Mountain in Fiordland, New Zealand

Access Peak is an 1865 metre mountain in Fiordland, New Zealand.

==Description==
Access Peak is part of the Wick Mountains and is situated 4.8 km west of the Homer Tunnel in the Southland Region of the South Island. It is set within Fiordland National Park which is part of the Te Wahipounamu UNESCO World Heritage Site. Precipitation runoff from the mountain's north slope drains into the West Branch of the Cleddau River, whereas the south slope drains into the Talbot River, with all of it ultimately emptying into Milford Sound.

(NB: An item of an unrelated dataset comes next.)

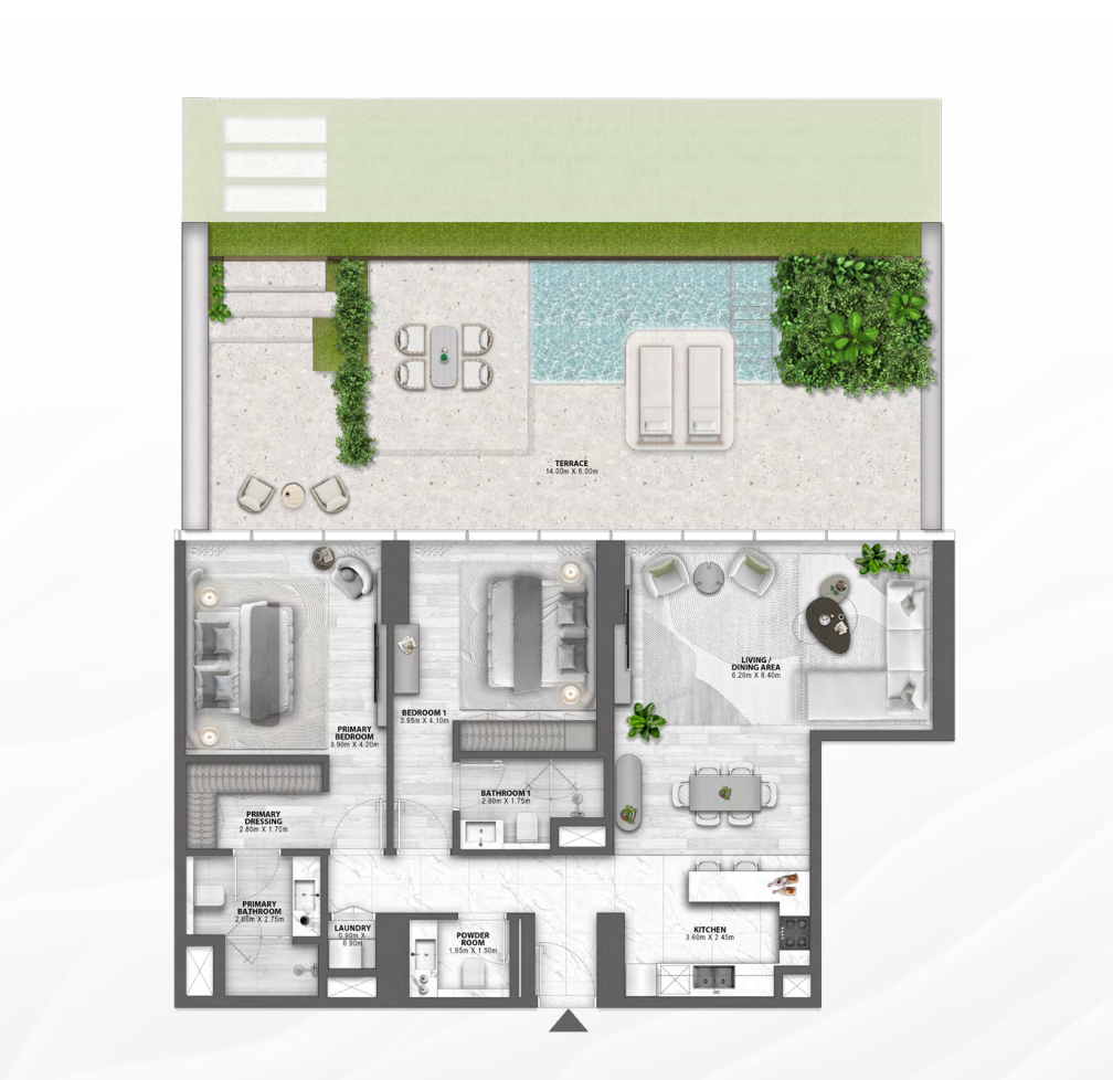 Created for residents prioritizing privacy and well-being, The Wellness Collection features 1–2 bedroom residences, each with a private garden and an integrated plunge pool. Homes open directly into the landscaped podium, allowing effortless access to greenery and beachfront pathways. With indoor–outdoor continuity and personal wellness zones, these residences function as intimate sanctuaries where relaxation begins at the doorstep.

Topographic relief is significant as the summit rises 1565 m above the West Branch Cleddau in a little more than one kilometre. The nearest higher neighbour is Mount Ada, 2.63 kilometres to the west-northwest.

==History==
The first ascent of the summit was made on 26 February 1955 by Gerry Hall-Jones, Lloyd Warburton, Duncan B. Wilson, and Bill Gordon via the Southeast Ridge. The mountain's toponym was applied in 1955 by this first ascent party because a route over the summit of this peak seemed to provide a practical route to several difficult-to-access unclimbed peaks beyond it, hence this suggested the name "Access". The toponym has been officially approved by the New Zealand Geographic Board.

==Climbing==
Climbing routes with the first ascents:

- Original Route – Gerry Hall-Jones, Bill Gordon, Lloyd Warburton, Duncan Wilson – (1955)
- West Ridge – Hugh van Noorden – (1985)

==Climate==
Based on the Köppen climate classification, Access Peak is located in a marine west coast climate zone. Prevailing westerly winds blow moist air from the Tasman Sea onto the mountain, where the air is forced upward by the mountains (orographic lift), causing moisture to drop in the form of rain and snow. The months of December through February offer the most favourable weather for viewing or climbing this peak.